Speiseröhre entzündet, Magen durchstoßen

Die Bilder zeigen auch blutige Schläuche – ein Beleg, dass die Speiseröhre zwangsgefütterter Tiere verletzt oder entzündend sei, so Animal Equality. Nicht selten komme es vor, dass in der Eile der Magen durchstoßen werde. Schwache und kranke Tiere aber würden ohne Behandlung dem Tod überlassen. Um die 20.000 Tonnen Jahresproduktion Foie gras zu erreichen, müssten zirka 700.000 Gänse und 37 Millionen Enten gemästet und dann ohne Betäubung mit einem Schnitt durch die Kehle geschlachtet werden.

Die Praktiken sind auch auf einem heimlich aufgenommenen Video der Organisation zu sehen, mit dem Animal Equality eine Kampagne in Frankreich und auch in Deutschland startet, das mit jährlich mehr als 120 Tonnen fünftgrößter Abnehmer der Stopfleber ist.

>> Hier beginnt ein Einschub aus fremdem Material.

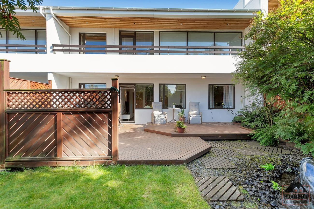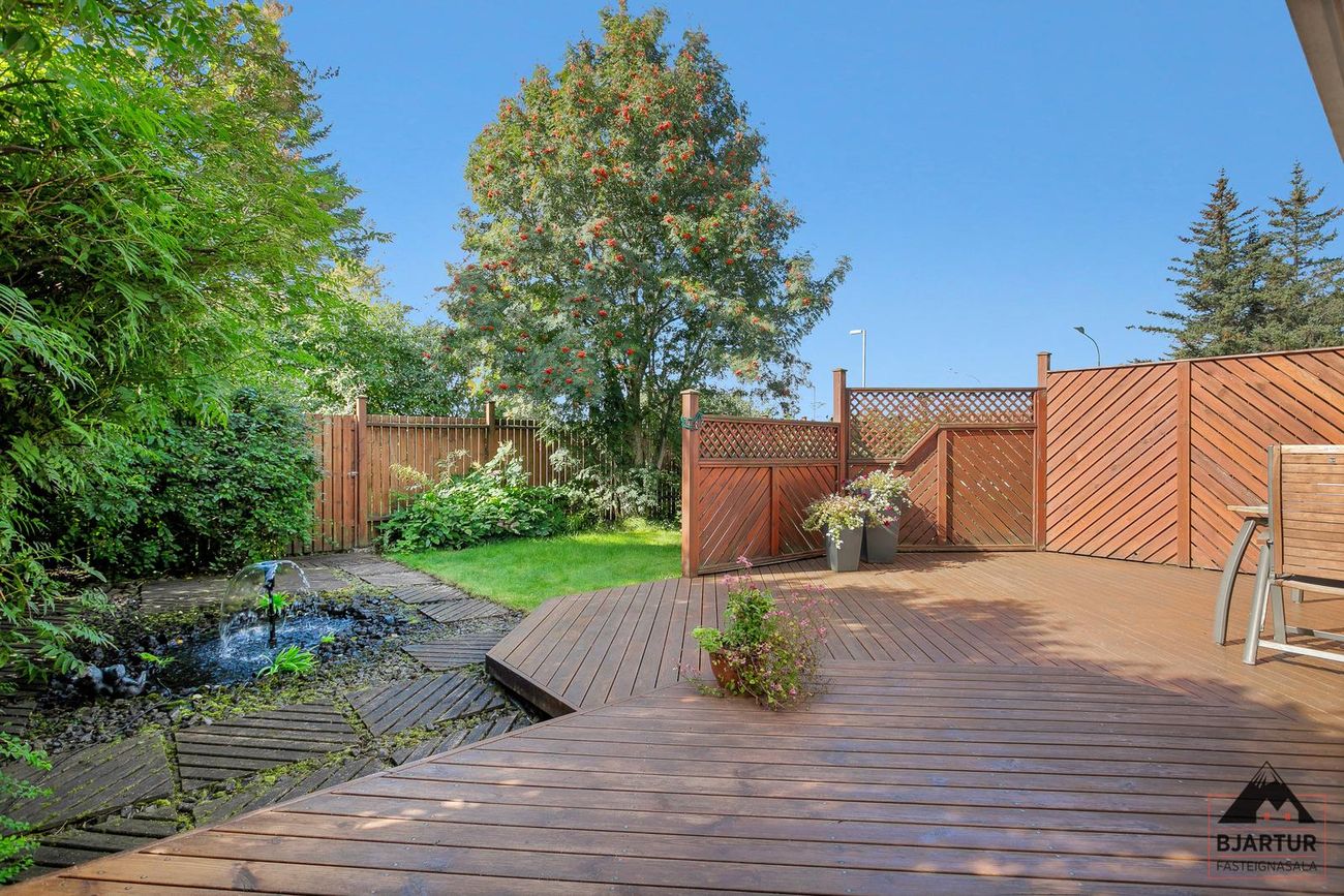 Úr snjónvarpsholi er útgengi á viðarpall og fallegan garð. Flísar á gólfi með gólfhita.

Dabei geht es den Tierschützern auch darum, generell den Fleischverzehr zu geißeln: „Zwangsernährung ist eine besonders grausame Art von Tierquälerei. Das bedeutet jedoch nicht, dass Tierhaltung ohne Zwangsernährung nicht grausam ist. Tierprodukte bedeuten immer Ausbeutung, Leiden und Mord.“

Um dem ein Ende zu setzen fordern die Tierschützer ein „EU-weites Verbot der Produktion und des Verkaufes von Stopfleber“ – und rufen „jeden Verbraucher“ auf, seine eigene Ernährungsweise zu überdenken.